The only people now who can sometimes talk him down when he's having problems
are me and a couple of other family members that did not participate in
pushing for involuntary committal.

------
bannisterp
I live right in the middle of a hotspot for "street people" in SF. I struggle
internally with this question daily, because I see many mentally ill people
roaming the streets just outside my apartment. I've run the whole gamut of
solutions and emotions for the past 5 years, and I can only come to this
solution: let them refuse treatment, but make living on the street the least
viable option for them.

I know deep down there isn't much that can be done without incarcerating them,
but I also know that taking someone's freedom without proper cause is worse
than letting them possibly die by their own choice. There's too much potential
to abuse power that let's you lock up someone who is, by and large, law-
abiding but mentally disturbed. The hair splitting is dangerous.

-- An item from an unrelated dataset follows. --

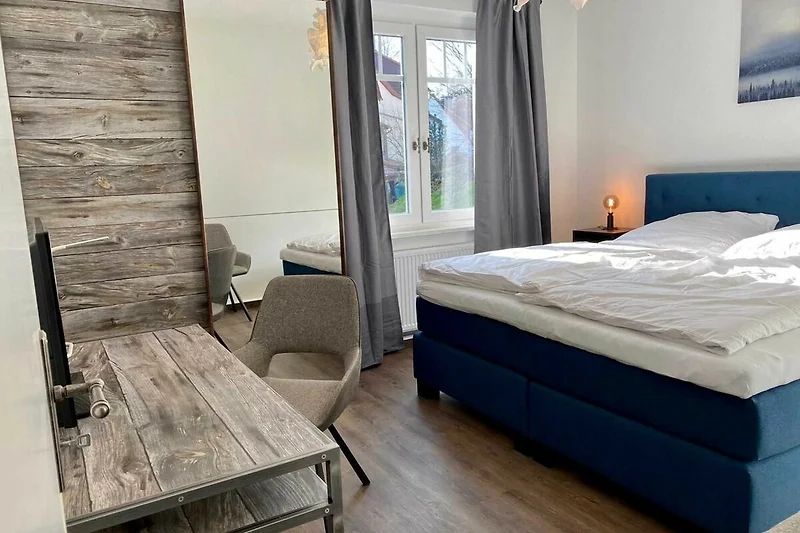 • zwei Schlafzimmer mit jeweils einem 2x2m grossen Boxspringbett, einem 32 Zoll Flachbildfernseher, einem Schreibtisch mit entsprechenden Sitzgelegenheiten und einem grossen Kleiderschrank

That being said, in short order I will likely move to a location in SF where I
don't have to see this tragedy play out day to day. If I can't help, and I
don't like the current solution, at least I can avoid the situation
altogether.

------
1_2__3
This has always stuck with me. When I was a lot younger, in the early 90s I
was dating a guy who was pretty high up in Washington state's DSHS. I remember
him saying that massive cutbacks were forcing all the institutions they had
left to close. I asked him naively what the plan was for everyone who was
going to be released and he said "Nothing. There is no plan. There're just
going to live on the streets."

I was aghast and assumed he had to be wrong somehow. Fast forward ten years
and downtown Seattle is full of homeless people. Fast forward to today and
multiple cities are basically overrun with them, when the population of them
was tiny just 20 years ago.

I hate feeling old and partisan but my personal experience leads me to believe
this is the crazy GOP policies of the 80s coming home to roost. It's certainly
the most likely explanation given what I know and doesn't require some of the
mental backflips necessary for other explanations.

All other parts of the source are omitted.